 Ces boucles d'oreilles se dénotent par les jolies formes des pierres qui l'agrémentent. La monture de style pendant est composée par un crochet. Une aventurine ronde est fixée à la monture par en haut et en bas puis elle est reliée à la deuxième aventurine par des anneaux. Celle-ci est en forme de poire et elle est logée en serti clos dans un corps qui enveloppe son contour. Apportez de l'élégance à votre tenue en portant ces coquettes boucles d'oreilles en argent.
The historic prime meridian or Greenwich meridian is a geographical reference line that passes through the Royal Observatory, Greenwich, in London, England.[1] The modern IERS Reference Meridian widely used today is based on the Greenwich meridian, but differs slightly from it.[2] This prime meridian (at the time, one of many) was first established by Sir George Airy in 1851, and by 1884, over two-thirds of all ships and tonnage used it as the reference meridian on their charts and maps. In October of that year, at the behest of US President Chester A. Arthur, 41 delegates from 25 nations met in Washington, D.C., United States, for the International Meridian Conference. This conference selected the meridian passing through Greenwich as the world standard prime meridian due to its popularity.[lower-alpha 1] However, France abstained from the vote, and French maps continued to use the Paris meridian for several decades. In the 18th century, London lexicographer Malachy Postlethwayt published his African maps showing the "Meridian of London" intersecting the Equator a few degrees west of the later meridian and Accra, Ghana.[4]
* * *
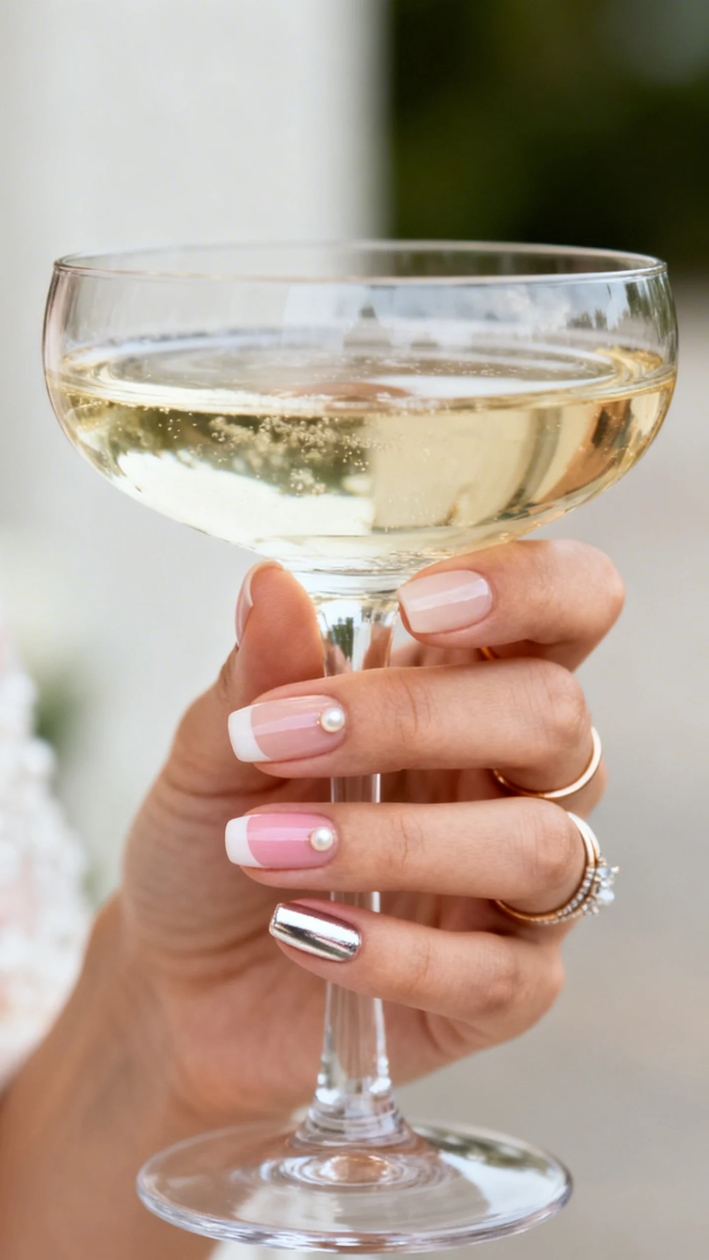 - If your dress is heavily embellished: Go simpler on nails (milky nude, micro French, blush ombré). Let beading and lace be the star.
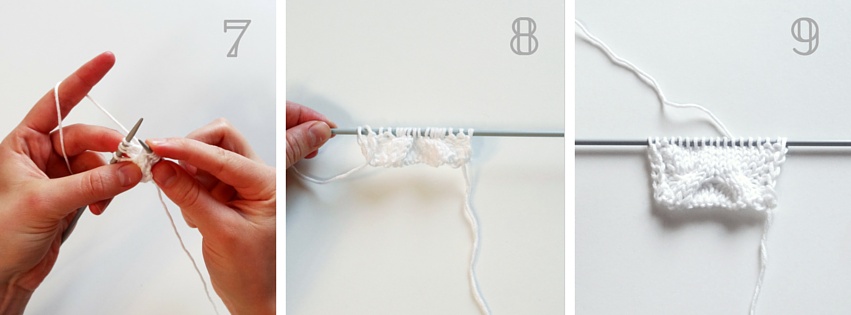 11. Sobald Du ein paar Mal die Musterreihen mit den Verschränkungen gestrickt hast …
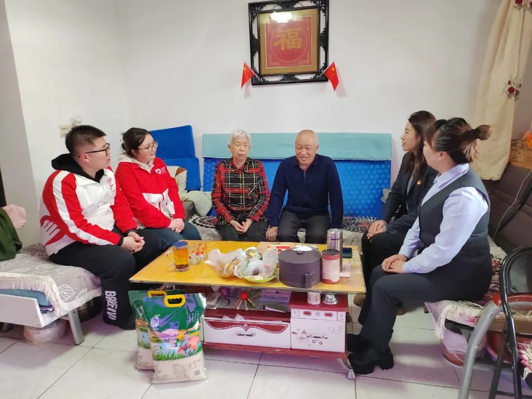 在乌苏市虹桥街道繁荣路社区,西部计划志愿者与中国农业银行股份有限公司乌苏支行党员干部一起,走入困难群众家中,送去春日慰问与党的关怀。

● **TASK DESCRIPTION**: Write out again exactly the lines above from the one with "11. Sobald Du" through the one with "在乌苏市虹桥街道繁荣路社区,西部计划志愿", adding no other lines and no pictures.

● **TASK SOLUTION**:
 11. Sobald Du ein paar Mal die Musterreihen mit den Verschränkungen gestrickt hast …
 在乌苏市虹桥街道繁荣路社区,西部计划志愿者与中国农业银行股份有限公司乌苏支行党员干部一起,走入困难群众家中,送去春日慰问与党的关怀。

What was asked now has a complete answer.